== WORK TASK ==
Output the whole listing exactly, except for the pictures in it.
====== DATA EXTRACT
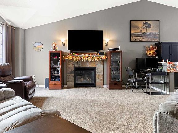 This beautifully designed 1,400 sq. ft. bi-level, built by Serenity Homes, sits on a quiet cul-de-sac and offers an impressive blend of quality, functionality, and modern comfort. Step inside and be greeted by vaulted ceilings and a bright, open layout. The kitchen showcases granite countertops, maple cabinetry, tiled backsplash, corner pantry, and a large island overlooking the dining area. The living room features a cozy gas fireplace, while the primary suite includes deck access, a 4-piece ensuite with double sinks, shower, and walk-in closet. Two additional bedrooms, main-floor laundry, and a second 4-piece bathroom complete the upper level - a highly popular layout for families that balances comfort and convenience. The professionally developed basement (2019) is perfect for growing families - featuring a massive family room, two spacious bedrooms, and a full 4-piece bathroom. Large windows flood the space with natural light, creating a warm and inviting atmosphere ideal for entertaining or relaxing. Outside, enjoy the fully fenced and landscaped yard with underground sprinklers front and back (including the garden), a maintenance-free covered deck, patio with firepit area (blocks for fireplace are stored under deck), and hot tub. The 23 × 24 attached garage is insulated, plumbed for heat, and paved triple car driveway out front! Oversized RV parking is available in the backyard OR there's a smaller area in the front driveway that could be utilized. Even better - the thermostat, door locks, and garage doors can all be controlled remotely via app, offering convenience and peace of mind. Recent updates include shingles replaced in 2021, paved driveway, adding to the home’s already strong pride of ownership. Perfectly located across from a walking path with river/coulee views, this property delivers space, serenity, and smart living - all in one incredible Redcliff location.
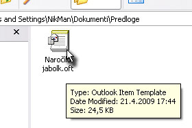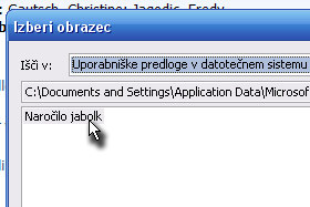 Sedaj vam bom pokazal še, kako se dostopa do predlog, ki so shranjene v privzeti mapi.
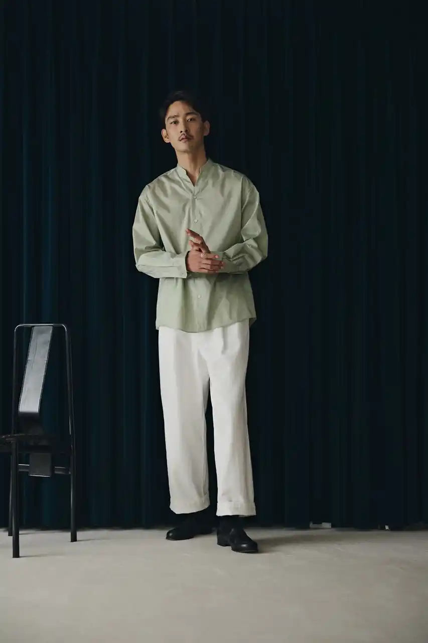 ・SHIRT:「OtoNANO」大人のワイドシャツバンドカラー ストライプ長袖 ¥9,900(税込) |
============
== OUTPUT OF THE TASK ==
 This beautifully designed 1,400 sq. ft. bi-level, built by Serenity Homes, sits on a quiet cul-de-sac and offers an impressive blend of quality, functionality, and modern comfort. Step inside and be greeted by vaulted ceilings and a bright, open layout. The kitchen showcases granite countertops, maple cabinetry, tiled backsplash, corner pantry, and a large island overlooking the dining area. The living room features a cozy gas fireplace, while the primary suite includes deck access, a 4-piece ensuite with double sinks, shower, and walk-in closet. Two additional bedrooms, main-floor laundry, and a second 4-piece bathroom complete the upper level - a highly popular layout for families that balances comfort and convenience. The professionally developed basement (2019) is perfect for growing families - featuring a massive family room, two spacious bedrooms, and a full 4-piece bathroom. Large windows flood the space with natural light, creating a warm and inviting atmosphere ideal for entertaining or relaxing. Outside, enjoy the fully fenced and landscaped yard with underground sprinklers front and back (including the garden), a maintenance-free covered deck, patio with firepit area (blocks for fireplace are stored under deck), and hot tub. The 23 × 24 attached garage is insulated, plumbed for heat, and paved triple car driveway out front! Oversized RV parking is available in the backyard OR there's a smaller area in the front driveway that could be utilized. Even better - the thermostat, door locks, and garage doors can all be controlled remotely via app, offering convenience and peace of mind. Recent updates include shingles replaced in 2021, paved driveway, adding to the home’s already strong pride of ownership. Perfectly located across from a walking path with river/coulee views, this property delivers space, serenity, and smart living - all in one incredible Redcliff location.
 Sedaj vam bom pokazal še, kako se dostopa do predlog, ki so shranjene v privzeti mapi.
 ・SHIRT:「OtoNANO」大人のワイドシャツバンドカラー ストライプ長袖 ¥9,900(税込) |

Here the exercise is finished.